The solution must be administered with caution to diabetics, patients with peripheral or pulmonary oedema, hypertension, pre-eclampsia.
The pathophysiological response to dehydration, to electrolyte loss and to glucose sodium chloride infusion will vary with the age of the patient being treated and this should be taken into account during rehydration therapy. Fluid replacement therapy should be administered with caution to very young and elderly patients.
Prior to and during infusion, serum and/or urinary electrolytes and glucose should be monitored to assess the nature and severity of fluid depletion and electrolyte imbalance. Close monitoring of patients with diabetes mellitus, and in patients with renal failure, is necessary during glucose infusion.
Paediatric Population
Intravenous fluid therapy should be closely monitored in the paediatric population as they may have impaired ability to regulate fluids and electrolytes. Adequate urine flow must be ensured and careful monitoring of fluid balance, plasma and urinary electrolyte concentrations are essential.
The infusion of hypotonic fluids together with the non-osmotic secretion of ADH (in pain, anxiety, the post-operative state, nausea, vomiting, pyrexia, sepsis, reduced circulating volume, respiratory disorders, CNS infections, and metabolic and endocrine disorders) may result in hyponatraemia. Hyponatraemia can lead to headache, nausea, seizures, lethargy, coma, cerebral oedema and death, therefore acute symptomatic hyponatraemic encephalopathy is considered a medical emergency.

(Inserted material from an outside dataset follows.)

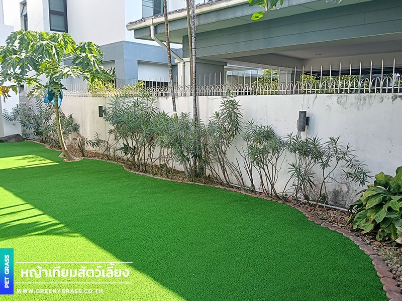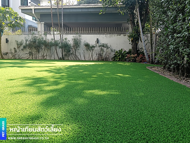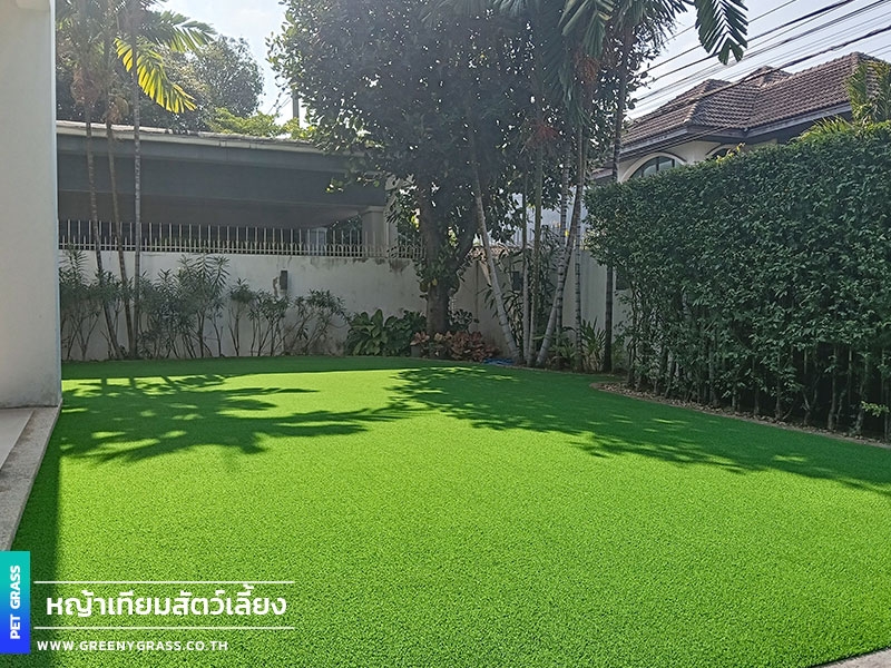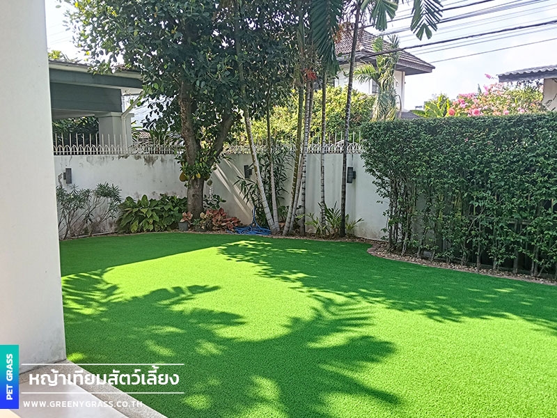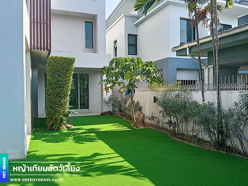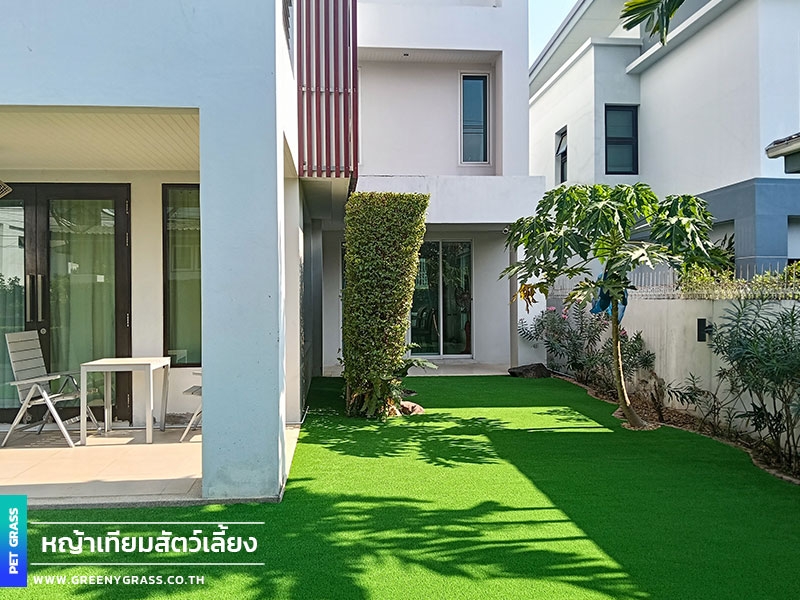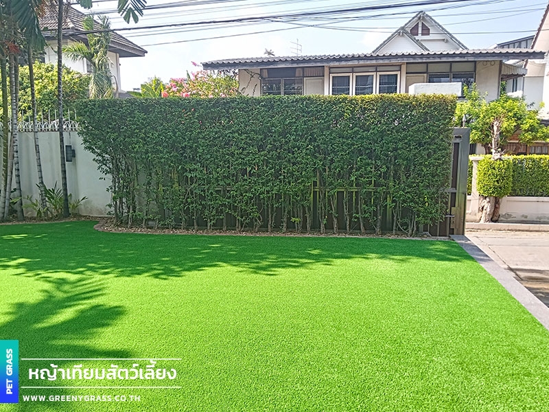ตกแต่งสวน บ้านพักซอยรัชดาภิเษก อีกหนึ่งผลงานติดตั้งสนามหญ้าสำหรับพื้นที่สวนภายในบ้าน ที่ออกแบบให้เป็นมุมพักผ่อนและพื้นที่วิ่งเล่นสำหรับสัตว์เลี้ยง ช่วยเพิ่มความร่มรื่น สะอาด และใช้งานได้สบายในทุกวัน เพื่อเพิ่มความปลอดภัยและความสบายในการใช้งาน ไม่ลื่น ดูแลง่าย ด้วยเทคโนโลยีระบายน้ำไว พื้นจึงแห้งเร็ว สะอาดง่าย ลดปัญหาความชื้นสะสมและคราบโคลนหลังฝนตก ให้พื้นที่พร้อมใช้งานได้ทันที

Glucose infusions are incompatible with blood for transfusion as haemolysis or clumping can occur; do not administer through the same infusion equipment as blood or blood components for transfusion (either before, during or after their administration).
Do not use unless solution is clear and the container undamaged. Thorough and careful aseptic mixing of any additives is mandatory (see section 6.6, Special precautions for disposal and other handling).